* _What you have to do_
Extract only the lines running from the top of the entries to the line that holds "2024年6月6日下午,江西". Include that line and omit the pictures.

*** Opening Entries supplied ***

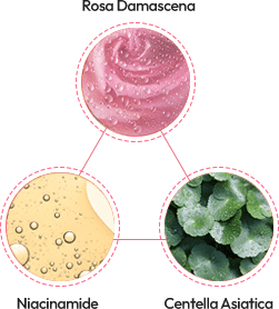 Cildi hyaluronik asit ve gül suyu ile nemlendirir, tazeler. Niasinamid ve Cica ile cilt tonunu eşitlemeye ve cildin aydınlanmasına yardımcı olur.
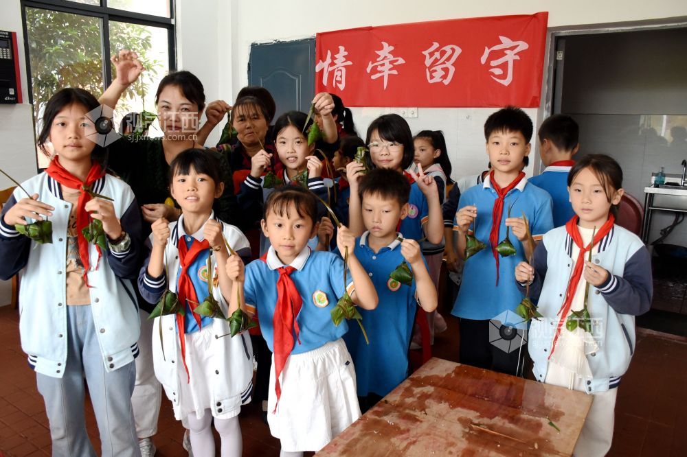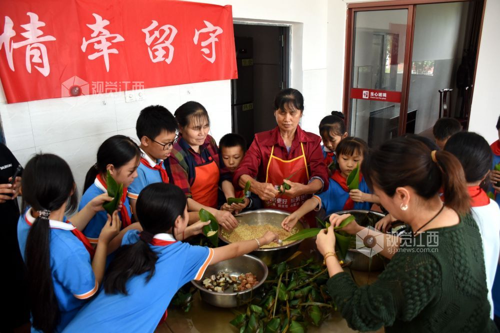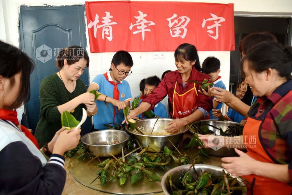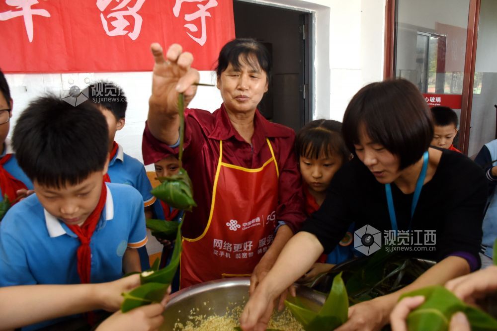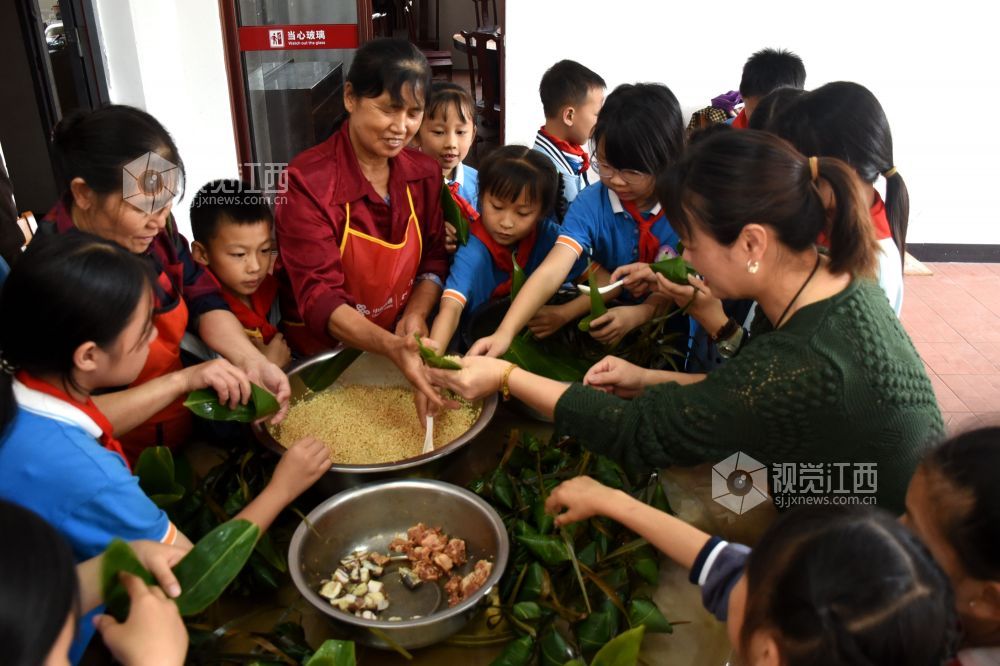 2024年6月6日下午,江西省抚州市南丰县市山镇中心小学食堂里,厨师、老师和小学生们一起包粽子,迎接端午节的到来。
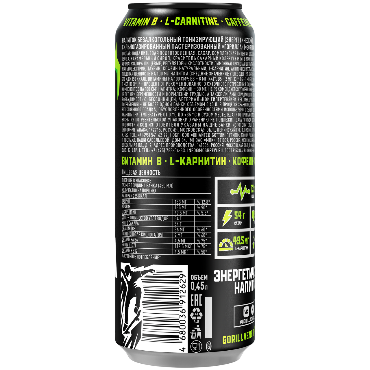 Напиток энергетический Gorilla в железной банке, 0,45 л обладает приятным тонизирующим вкусом и хорошо утоляет жажду. Благодаря присутствию в составе витаминов, женьшеня, таурина, кофеина и других натуральных компонентов он позволяет быстро получить заряд бодрости, восстановить утраченные силы, активизировать физическую и умственную деятельность. Напиток также повышает выносливость, препятствует быстрой утомляемости и улучшает обменные процессы в тканях. Чтобы максимально раскрыть вкусовые и ароматические качества, рекомендуется употреблять его в охлажденном виде. Напиток помещен в компактную железную банку емкостью 450 мл, которую легко открыть, дернув за расположенное сверху металлическое кольцо-ключ.
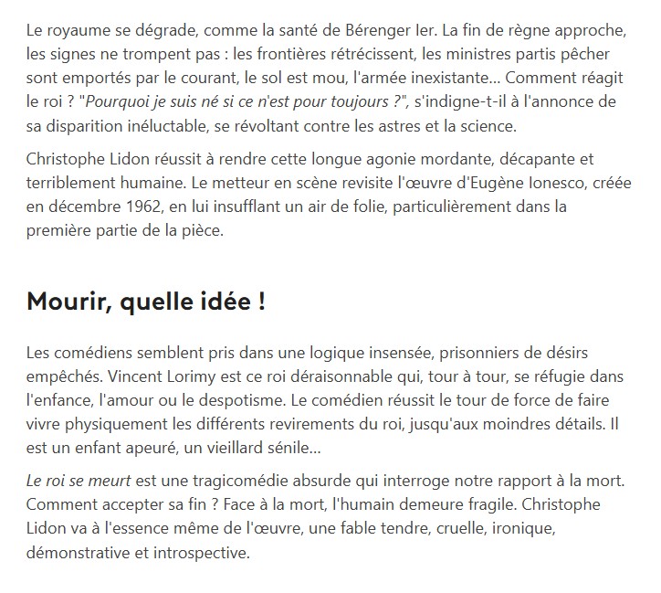 Eugène Ionesco a écrit cette pièce en 1962, elle occupe une place centrale dans son œuvre. Pilier du théâtre de l'absurde, Le Roi se meurt parvient à traiter de la mort avec une combinaison unique de gravité et d'humour.
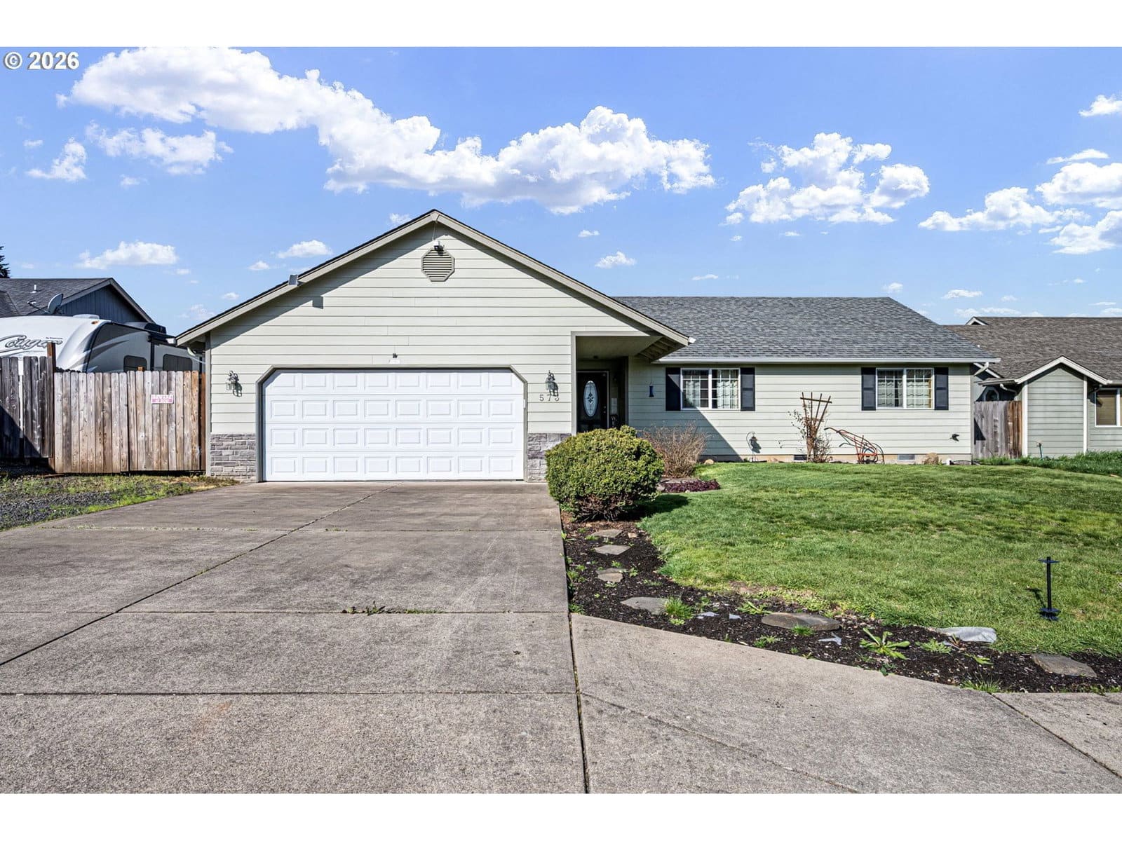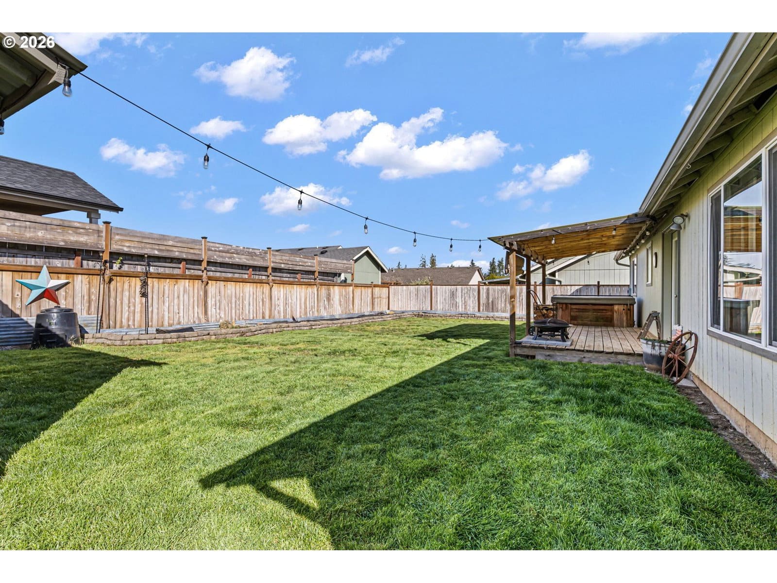 Charming single-level 3 bed, 2 bath home with an open-concept living, dining, and kitchen layout. Kitchen features a large pantry and easy flow for everyday living and entertaining. The primary suite includes a private bath. Living room french doors lead to a covered back porch with a hot tub just off to the side, creating a great space to relax.Front and backyard include in ground sprinkler systems, along with raised garden beds ready for spring and summer planting. The fully fenced yard offers a wide side gate with room for additional parking, including space for boats or recreational vehicles.The 2-car garage includes a nicely finished hobby room, offering flexibility for a variety of uses. Clean and well-maintained, this home is ready for its next owner to make it their own.
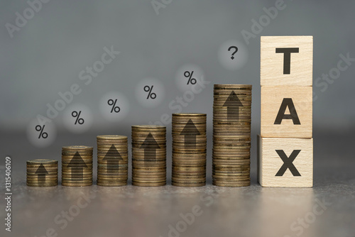 Stale zwiększający się procent płaconych podatków. Rosnące słupki monet obok drewnianych kostek z napisem TAX.
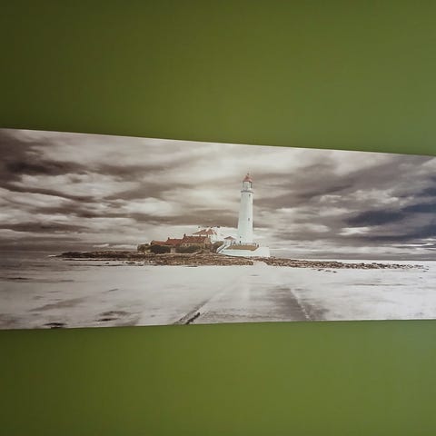 Majakka taulu etsii uutta kotia. Hieno vesi aiheinen taulu. Kehyksessä hienot yksityiskohadat. Pientä käytön kolhua on saanut matkan varrella, siitä kuva. Taulun mitat 157,5cm leveä ja 59 cm korkea.
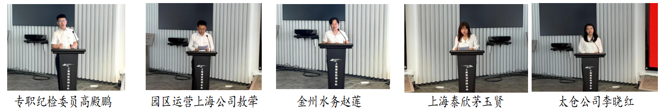 6月14日,“清風萬里行”走進上海灣區科創中心,大家濟濟一堂開展黨紀學習教育活動。集團紀檢工作部部長助理張帆以《恪守“六大紀律”,筑牢思想根基》為題,生動宣講黨的紀律處分條例,引導黨員干部職工培養紀律自覺、筑牢思想防線。集團紀檢工作部干事、紀律教育和廉潔文化宣講團成員肖晶誦讀一首毛主席詩詞《卜算子·詠梅》,重溫詩詞背后革命先輩敢于直面困難、勇于戰勝困難的光輝歷史。環保水務專職紀檢委員高殿鵬、科技園上海公司敖犖、金州水務上海公司趙蓮、上海泰欣茅玉賢、環保大氣太倉公司李曉紅作為學員代表,逐一登臺分享黨史中的紀律小故事,以小見大、以點帶面,感悟初心使命,傳承紅色基因。集團紀委委員、園區運營黨總支專職紀檢委員、紀律教育和廉潔文化宣講團團長姜玉林教唱紅歌《三大紀律八項注意》,引導參會人員在音樂中與歷史對話,叩問初心、澄清思想。智園科技品牌主管、“五彩廉”品牌形象大使熊珂將自創廉潔書畫作品《廉潔道路 勿失方向》《蓮因潔而尊 人因廉而正》贈給參會的4家單位,并分享創作思路,促進提升廉潔從業意識,營造風清氣正良好氛圍。集團紀委還為上海區域項目干部員工贈送由廉潔宣傳手冊、書籍、廉潔寄語書簽、黨紀法規測試卷組合而成的“廉潔大禮包”,推動“自主學+集中學”雙向發力。
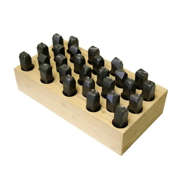 CH Hanson offers a set of Heavy Duty Letter stamps, crafted for hand-held, hammer-struck marking. The Heavy Duty stamps are recommended for moderate industrial applications. The crowned striking surface ensures full force to the center. Each shank is tempered for an extra dose of safety, and the oversized shank delivers more consistent stamp control. This set consists of 27 pieces, with letters A through Z and an ampersand (&).
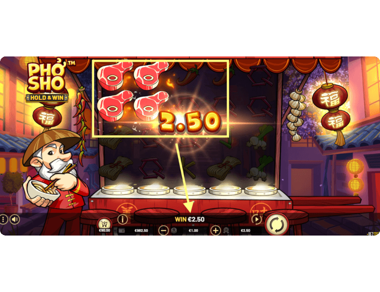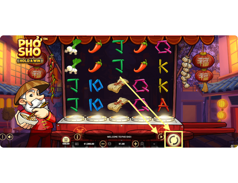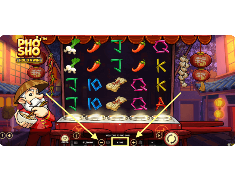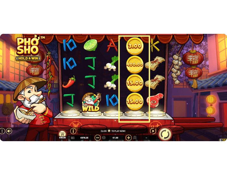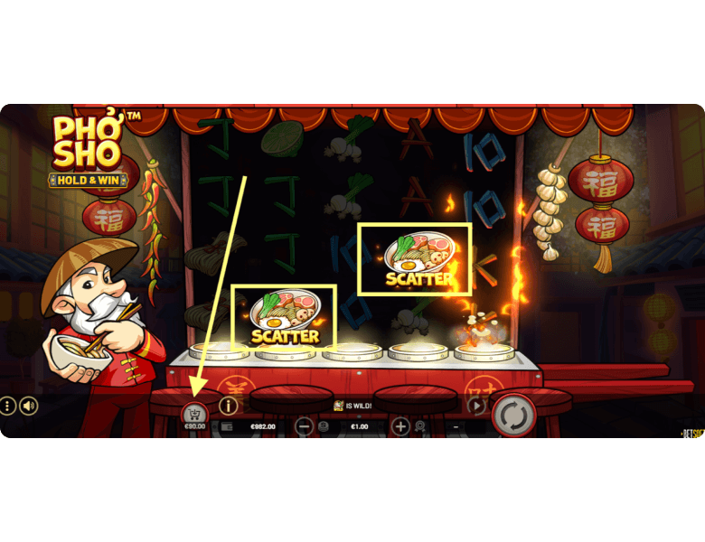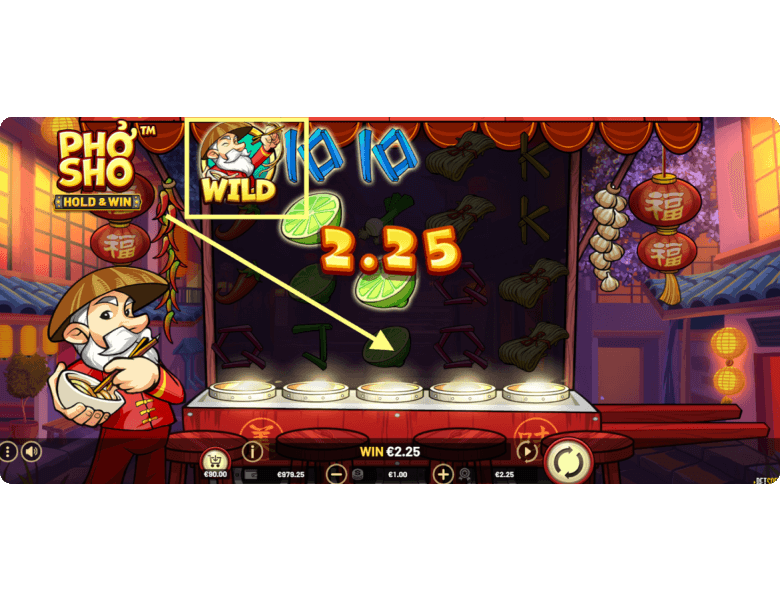 Wilds. Pho Sho also features a Wild symbol represented by the Asian chef himself. This symbol can appear on all reels and substitutes for any regular paying icon, except for Scatter and Coin symbols. Its purpose is to create winning combinations where none existed before — or enhance existing ones to help players land the best payout.

*** Closing Entries supplied ***

* _Output of the task_
 Cildi hyaluronik asit ve gül suyu ile nemlendirir, tazeler. Niasinamid ve Cica ile cilt tonunu eşitlemeye ve cildin aydınlanmasına yardımcı olur.
 2024年6月6日下午,江西省抚州市南丰县市山镇中心小学食堂里,厨师、老师和小学生们一起包粽子,迎接端午节的到来。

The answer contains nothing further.